Capital Group's portfolio manager aims to entice investors with new, strategically prudent world bond fund
The new “cautious and conservative” Capital Group World Bond Fund provides the ideal opportunity to anchor an investor’s portfolio.
That’s the view of Thomas Høgh, Capital Group’s portfolio manager and principal investment officer of the mandate, who highlighted the globally diversified fixed-income portfolio’s negative correlation to stock markets as key to ensuring an offsetting effect.
He said: “If you think about Canada, it’s exporting a lot of things but it is a net exporter of commodities, so there’s a nice correlation between commodity prices, the Canadian dollar and the stock market.
“So essentially when the economy is doing well, commodity prices tend to go up and stock prices go up and vice versa.

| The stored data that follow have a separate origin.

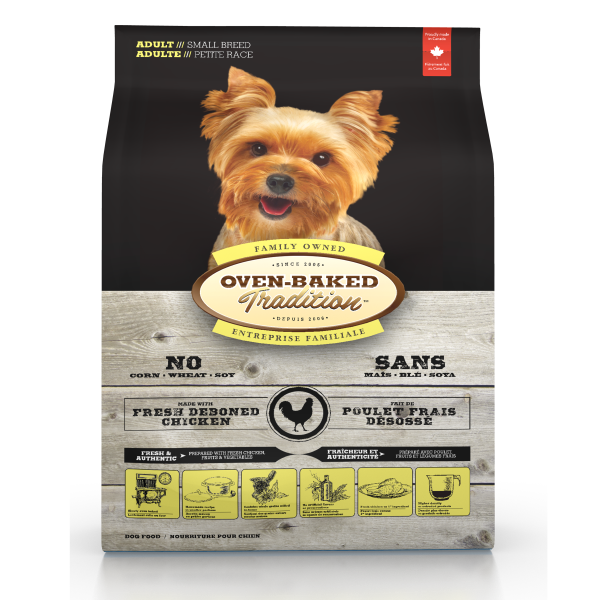 Canadian Brand. Oven-Baked Tradition's adult dog food for small breeds is slowly baked at low temperature so that your dog can reap all the benefits of fresh food in terms of taste and nutrients. Their small breed adult dog food does not contain wheat, corn, soy, artificial flavourings or preservatives and is made with fresh meat as first ingredient as well as with specially selected fruits and vegetables. The high density of Oven-Baked Tradition adult dog food allows your pet to feel full with smaller portions.
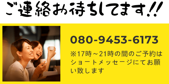 ※17時~21時の間のご予約はショートメッセージにてお願い致します。
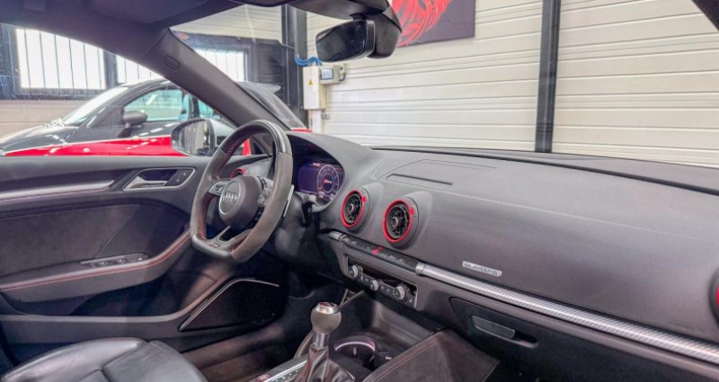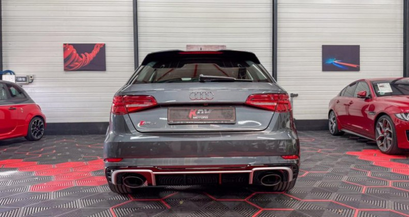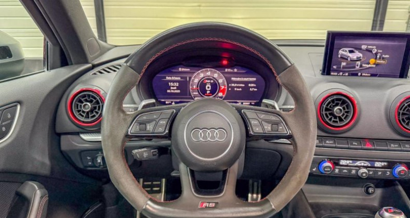 ======= options ======= adaptive cruise control avec fonction stop&go incluant audi pre sense avant applications décoratives aluminium compétition éclairage design audi active lane assist audi magnetic ride : système d'amortisseurs adaptatifs permettant de choisir soi-même le réglage du châssis bang & olufsen sound system banquette arrière divisée en 3 parties 40 20 40 avec accoudoir central caméra de recul : avec affichage de la zone située derrière le véhicule sur l'écran mmi jantes en aluminium coulé style blade à 5 branches en style titane mat finition brillantes avec pneus : 255 30 r19 av et 235 35 r19 ar pack assistance pack cuir étendu pack de style aluminium mat y compris trompette de prise d'air pack design rs peinture métallisée ou nacrée projecteurs audi matrix led avec clignotants dynamiques (avant et arrière) rampes de pavillon en aluminium mat réception radio numérique (dab) sièges avant chauffants sièges sport rs à l'avant en cuir nappa avec surpiqûres diamant sorties d'échappement sport rs pour une sonorité encore plus sportive toit panoramique en verre : commande électrique pour relever et ouvrir la partie avant en verre, fonctionnement automatique pour l'ouverture et la fermeture, zone en verre teinté avec pare-soleil réglable en continu vitesse maximale (vmax) relevée à 280 km h vitres surteintées (privacy glass) : lunette arrière et vitres latérales arrière surteintées accoudoir central avant coulissant en longueur, avec vide-poches relevable et inclinaison réglable advanced key : système d'autorisation d'accès et de démarrage main libre ailes avant avec passages de roues élargis airbag de genoux airbags conducteur et passager airbags latéraux (thorax bassin) avant alarme antivol avec protection antiremorquage, incluant protection volumétrique de l'habitacle (non homologuée) applications décoratives sur les contre-portes et tableau de bord style 3d gris titane appuie-tête intégraux à l'avant et à l'arrière asr (antipatinage) audi connect avec une carte sim de données intégrée audi drive select : différents réglages du véhicule à travers trois modes audi parking system plus : signal acoustique et visuel d'aide au stationnement avant et arrière par pictogrammes sur l'écran audi premium tracking system audi smartphone interface avec applecarplay et androidauto audi sound system : 10 haut-parleurs incluant un haut-parleur central et un subwoofer ; amplificateur à 6 canaux avec une puissance totale de 180 watts audi virtual cockpit : combiné d?instruments entièrement numériques avec affichage haute résolution sur un écran de 12,3 baguettes décoratives sur les vitres latérales style aluminium mat ; revêtement noir brillant sur les montants de pavillon centraux extérieurs et les triangles de portières arrière becquet arrière rs3 laqué dans la couleur de la carrosserie, au niveau du pavillon avec inserts aérodynamiques latéraux noir brillant buses de lave-glace chauffantes calandre audi singleframe avec grille de calandre à structure alvéolée noir brillant et encadrement d'une seule pièce style aluminium mat ; ouvertures d'entrées d'air en noir brillant châssis sport rs ciel de pavillon en tissu noir clé à fréquence radio, avec emblème rs climatisation automatique bi-zone contrôle de pression des pneus ( tpms ) détecteur de pluie et allumage automatique des projecteurs direction progressive contribuant à une augmentation de la dynamique de conduite grâce à une démultiplication directe et progressive ecrous antivol pour les roues extensions de bas de caisse couleur carrosserie feux de route assistés : gestion automatique du passage de feux de croisement à pleins phares et inversement fixation pour sièges enfants isofix et top tether pour les places arrière extérieures frein de stationnement electromécanique freins à disques identification du modèle technologie sur le capot de coffre inscriptions rs3 sur la calandre, le capot de coffre, les baguettes des seuils de portes, le volant sport, le pommeau de levier de vitesses et le compte-tours jantes en alliage léger en style à 10 branches, ultrabrillantes, avec pneus 235 35 r19 lave-phares mmi navigation plus avec mmi touch outillage de bord et cric pack aluminium extérieur pack aluminium intérieur pack eclairage pack rangement + pack coffre palettes de changement de rapports au volant pare-brise acoustique pare-chocs rs : style dynamique et sportif, larges prises d'air à l'avant en noir brillant ainsi que lame horizontale laquée dans la couleur de carrosserie, diffuseur noir brillant à l'arrière pédalier et repose-pied en acier inoxydable peinture intégrale unie phares intégralement à led (full led) avec clignotants arrière dynamiques régulateur et limiteur de vitesse rétroviseur intérieur électrochrome rétroviseurs extérieurs réglables, dégivrants et rabattables électriquement avec position automatique pour manoeuvre de stationnement rétroviseurs extérieurs style aluminium mat avec rappels de clignotant à diodes, asphérique côté conducteur, convexe côté passager avant, dégivrants et escamotables électriquement roue de secours compacte sécurité enfants électrique seuils de portes avec inserts en aluminium et emblème rs 3 sièges avant sport système abs avec répartiteur électronique de freinage ebv, programme électronique de stabilisation esc avec détection de barres de toit et assistance au freinage d?urgence système d'airbags de tête système start stop avec récupération d'énergie de freinage tapis de sol av et ar trousse de secours avec triangle de présignalisation volant réglable manuellement en hauteur et en profondeur volant sport 3 branches multifonction en cuir avec méplat ======= equipements de serie ======= accoudoir central avant coulissant en longueur, avec vide-poches relevable et inclinaison réglable advanced key : système d'autorisation d'accès et de démarrage mai
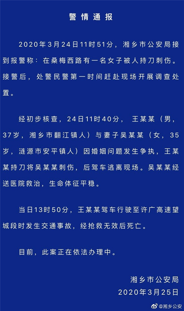 經初步核查,24日11時40分, 王某某(男,37歲,湘鄉市翻江鎮人)與妻子吳某某(女,35歲,漣源市安平鎮人)因婚姻問題發生爭執,王某某持刀將吳某某刺傷,后駕車逃離現場。吳某某經送醫院救治,生命體征平穩。
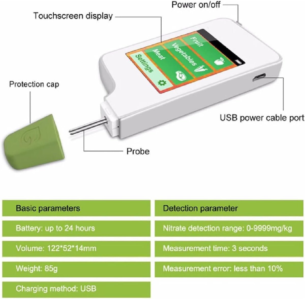 【使いやすい】:高解像度のカラーディスプレイは使いやすいインターフェースを提供し、独自の硝酸塩および直感的なテストソフトウェアと組み合わせて、果物や野菜の品質と安全性を迅速にチェックできます。

What that means is that a fund like this, which is mostly priced in other currencies other than Canadian dollars (they are typically 1% or 2% Canadian dollar), really benefits from a negative stock market period because the Canadian investor will see the value go up because the Canadian dollar goes down.
“That gives a really nice return profile for this fund for a Canadian investor because, of course, in a larger portfolio a Canadian investor may have 50% stocks and maybe 50% bonds to offset it, to give it stability. And what this fund is for is that stability because you get that offsetting effect.”
Høgh said that the appeal of this fund lies in it being the polar opposite to other companies' high-risk strategies and added that, while not the reason for its launch, the fund will be of particular benefit during more volatile stock market periods.
He said: “This correlation is better the safer the fund is and the higher quality the fund is. What we’re doing is a little bit different to a lot of other people and a lot of other funds in this global category.
“We are running the fund as an investment grade plus strategy so we mostly invest in invest grade bonds and can invest up to 25% high yield. But we run this fund very conservatively and cautiously, so what it means is that we don’t have slippage in terms of this correlation.
“The universe is risk unconstrained so there is no qualification to participate in the global bond universe and what that means is that many competitors have developed funds that really take a lot of risk - we are not really at that end of that spectrum. That’s why you get this really nice feature for this fund that it’s negatively correlated.”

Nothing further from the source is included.